Leading doesn’t mean merely saying “we’re going to be on time!” Leading is saying “What time do we need to get up to be on time? What do we need to do the night before? What do we need to not stay up late doing the night before?” (like watching a movie). And, gentleman, if you are the one making the family late, you know what to do. And if you have small kids, remember that they are your kids too. If your wife cares for the children in the mornings during the week if you work outside the home it may be tempting to expect her to manage them on Sunday morning as well. But unless you’re leaving early to serve at church apart from your family on Sunday, getting the kids ready is part of getting your family ready. Sundays should be an easier morning for your wife for having you home.
Finally, there’s the danger in this exhortation that some will turn around and go home when they are late. Please know that you are not looked on by the church’s leadership in judgment, even on the Sunday after this exhortation. There are always reasons some are late. We will assume the best of any individual while recognizing that there is a need for growth here as a church.
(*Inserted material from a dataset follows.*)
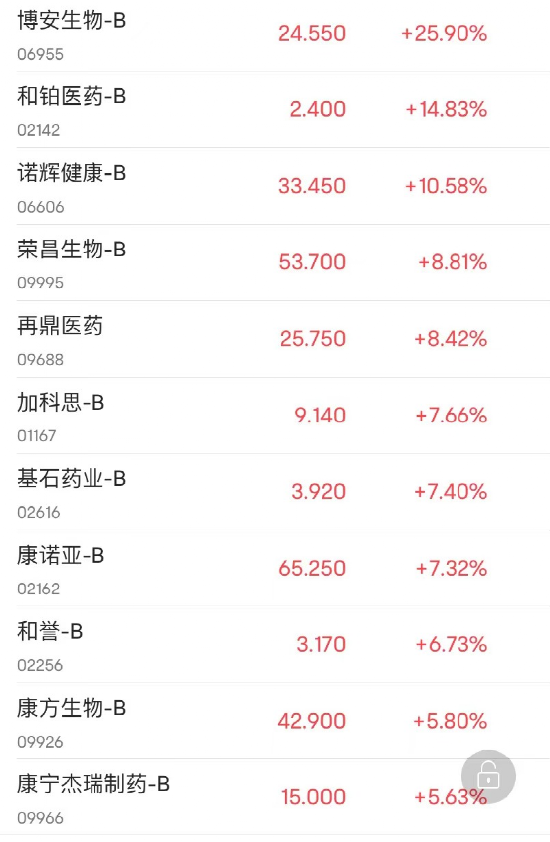 博安生物-B一度飙涨近85%,收涨近26%;和铂医药-B涨近15%,诺辉健康-B收涨近11%,荣昌生物-B、再鼎医药涨超8%,加科思-B、基石药业-B、康诺亚-B涨超7%、和誉-B涨超6%、康方生物-B涨近6%。

To hear Ryan’s original exhortation to pursue God’s presence, in part, by being on time to church, listen to his sermon on Psalm 16, “In Hot Pursuit of His Presence.” The exhortation comes at the end and includes reasons to come early, practical suggestions for how to prepare for Sunday, and a vision for what Sundays could look like if we were on time. In that sermon, he closed with these wise, pastoral, loving, and convicting words from Charles Spurgeon:
“There should be some preparation of the heart in coming to the worship of God. Consider who he is and in whose name we gather, and surely we cannot rush together without thought. Consider whom we profess to worship, and we shall not hurry into his presence as men run to a fire. Moses, the man of God, was warned to put off your shoes from his feet when God only revealed himself in a bush. How should we prepare ourselves when we come to him who reveals himself in Christ Jesus, his dear son? There should be no stumbling to the place of worship half-asleep, no roaming here as if it were no more than going to playhouse. We cannot expect to profit much if we bring with us a swarm of idle thoughts and a heart crammed with vanity.”
Lord’s Suppers are great for getting our family on the same page. If you missed hearing this in person at our gathering last Wednesday night, thank you for reading this entire post.
May Sundays speak to the work of God in our lives and in our church through hospitality, attention to the Word, and an apparent eagerness to be together in God’s presence.